___ Provided data ___
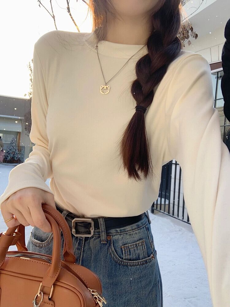 Miss Cocoli ココナッツオイルスキン栄養ソフトワックス状ボトリングシャツ秋と冬スリム長袖白 Tシャツトップ女性のイン ロング ホワイト オータム 秋物 ウィンター 冬物 missk83496855455
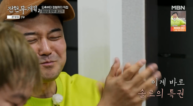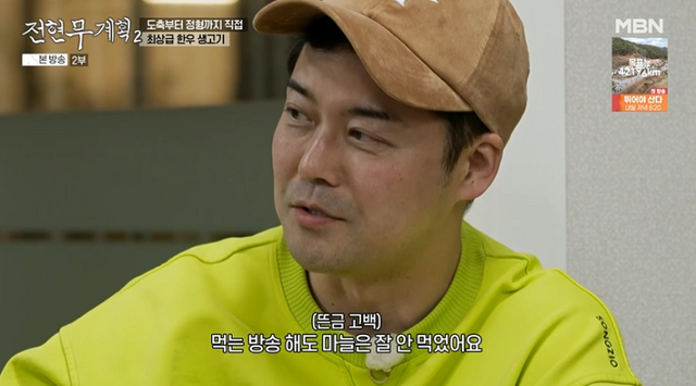 이날 김대호가 한우 생고기를 묵은지와 마늘과 함께 먹으려 하자 전현무는 “진짜 혼자인가보다”라고 연애 여부를 유추했다.
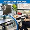 Two-piece desktop with reversible corner allows flexible setup. Large surface fits dual monitors, with a cloth drawer, cable management system, and 2 utility hooks for ultimate organization.
___
**How to complete this task:**
Please restate the data word for word, leaving out any picture it holds.

**Answer:**
 Miss Cocoli ココナッツオイルスキン栄養ソフトワックス状ボトリングシャツ秋と冬スリム長袖白 Tシャツトップ女性のイン ロング ホワイト オータム 秋物 ウィンター 冬物 missk83496855455
 이날 김대호가 한우 생고기를 묵은지와 마늘과 함께 먹으려 하자 전현무는 “진짜 혼자인가보다”라고 연애 여부를 유추했다.
 Two-piece desktop with reversible corner allows flexible setup. Large surface fits dual monitors, with a cloth drawer, cable management system, and 2 utility hooks for ultimate organization.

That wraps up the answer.